Naming Typeface Families on a PC
What's in a name? Not much you might think, but when it comes to naming fonts on your PC, things aren't as simple as you might imagine...
Keeping it in the family
"A font family is typically a group of related fonts which vary only in weight, orientation, width, etc, but not design".1
So, for example, Futura Condensed, Futura Bold, Futura Semibold Condensed, are all members of the Futura family. The problem is that many PC applications, and Microsoft Word is one of them, have difficulty distinguishing between family members if they haven't been named in a PC-friendly way.
When I am talking about a font's name, I am referring to the font's internal name, as opposed to its filename (which can be easily changed). Inside a True Type font is a table that contains all the naming information. Three entries are of concern to us here: the Family (Futura), the subfamily (Semibold) and the full name (Futura Semibold). The convention is: full name = family + subfamily unless subfamily is regular, in which case full name = family name.
Hopefully that is clear so far.
I come from a large family
A particular typeface may have many family members, here is a list of the (standard) possibilities:
Width: Ultra-condensed, Extra-condensed, Condensed, Semi-condensed, Medium (regular), Semi-expanded, Expanded, Extra-expanded, Ultra-expanded.
Weight: Thin, Extra-light (Ultra-light), Light, Normal (Roman or Regular), Medium, Semi-bold (Demi-bold), Bold, Extra-Bold (Ultra-bold), Black (Heavy).
Remembering that any weight and width can be combined, and that each could also be italic or not. That leaves us with many, many possibilities! Of course, it is highly unlikely that you will find a typeface that has this many family members, typically there will just be a few, or several.
Adrian Frutiger (yes, designer of the Frutiger font) invented a numbering system2 (which I find particularly useful) for classifying the weight and width of typefaces. For example Univers 55 is normal Roman and Univers 63 is Medium Extended. See reference 2 below for more details.
Those damn PC's - get a Mac!
So what's the problem then? Well, say you have the entire Futura family of fonts, say that all of the fonts have Futura as their family name (internally) and that the subfamilies are all named appropriately. Install these fonts on your PC, then open Microsoft Word. You will find that you only have one Futura option on your drop down font selection. If you want Futura Regular, Bold, Italic or Bold Italic, that's fine (just use the bold and italic buttons). But what if you want to use Futura Condensed (which you are sure that you installed). It's not there!.
"But this is not a PC problem because I can select Futura Condensed using Adobe Photoshop on my PC".
True, but most PC programs will use the default process for enumerating fonts, which only can distinguish between bold, italic and bold italic family members.
If it doesn't work, why are fonts named this way?
We'll knowing this, you would think that nobody would name their fonts this way. I do not pretend to be an expert in typography, nor am I even a type designer, but years of experience in the printing industry has shown me otherwise. The only explanation that I can offer is that sometimes PC fonts were born on a Mac, and presumably this is not a problem on Mac's (another point to the Mac supporters).

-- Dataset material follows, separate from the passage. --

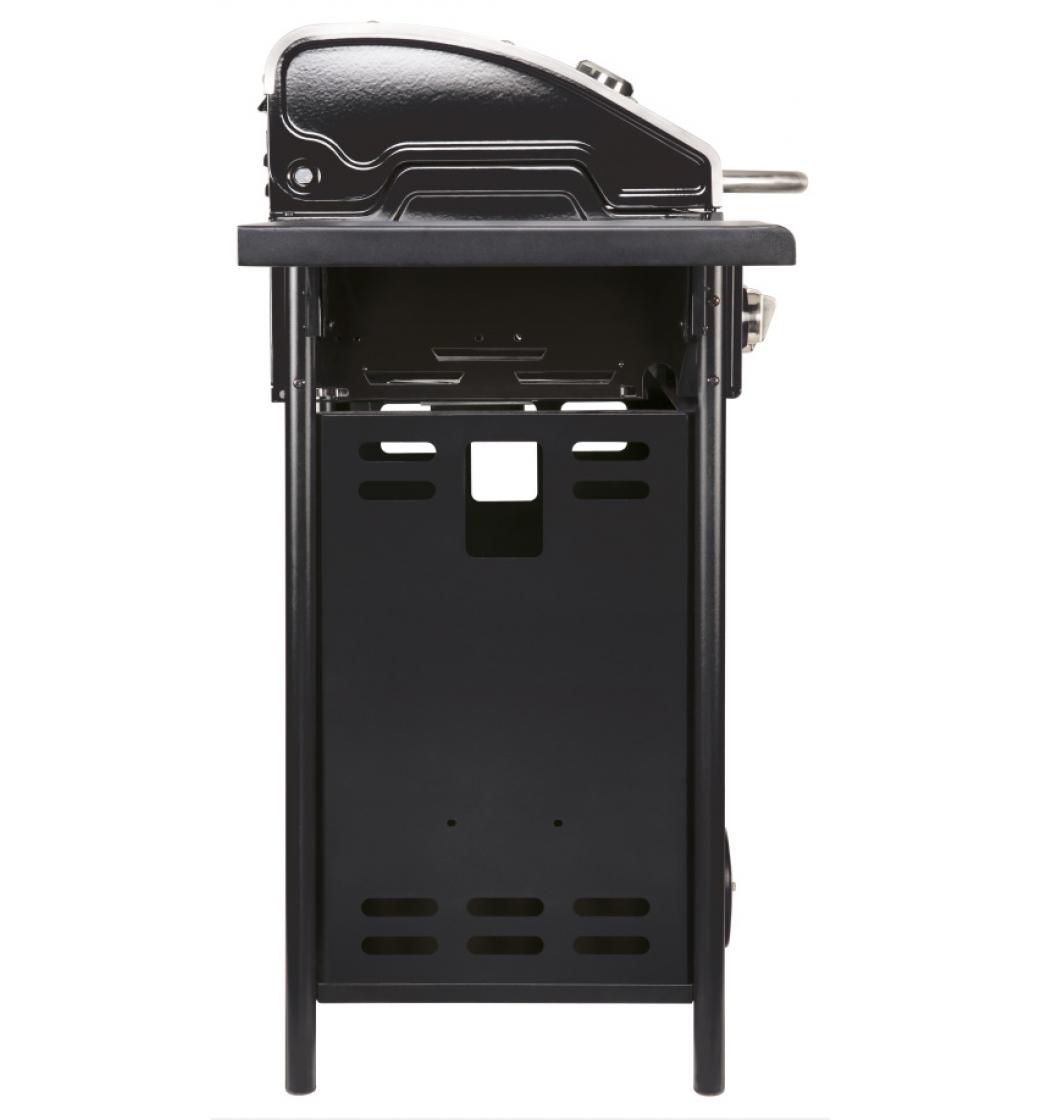 - pro ještě větší pohodlí při grilování máte k dispozici dvě odkládací plochy po stranách grilu a úložný prostor ve skříňce pod grilem ( možnost uskladnění plynové lahve (max 7kg plynu)

Upon conversion to a PC font, the names have not been changed to suit the quirks of your PC.
So you really need Futura Condensed - the client says Arial Narrow just doesn't look right! What do you do? Well if you only need the Condensed version, and not the others, then just install Futura Condensed. Otherwise you will need a font editor to rename your fonts. I don't know of any freeware program available for renaming fonts internally - there may be one out there. Let me know if you find one. PS: You can use my freeware font editor Type light, which was released after this article was written.
Rename them (use names from the font menu on Type 2.2) so that all the family members have a different family name.
Futura (family), Condensed (subfamily), Futura Condensed (fullname)
Futura Cn, Condensed , Futura Condensed
Just make sure that the family names are unique. You may have to change them several times on each font for the different language settings.
Hopefully this information will save you from some frustration. Bare in mind, that this is not a problem with most font families that you will use on your PC, and in fact, all twelve members of the Futura family on my PC are just fine (I was just using that as an example). But if, like me, you use fonts everyday, you don't want to be stuck when that impatient client wants their document produced using Futura Condensed, and they are adamant that the fonts worked fine for their designer (who converted the fonts from Mac to PC just for you).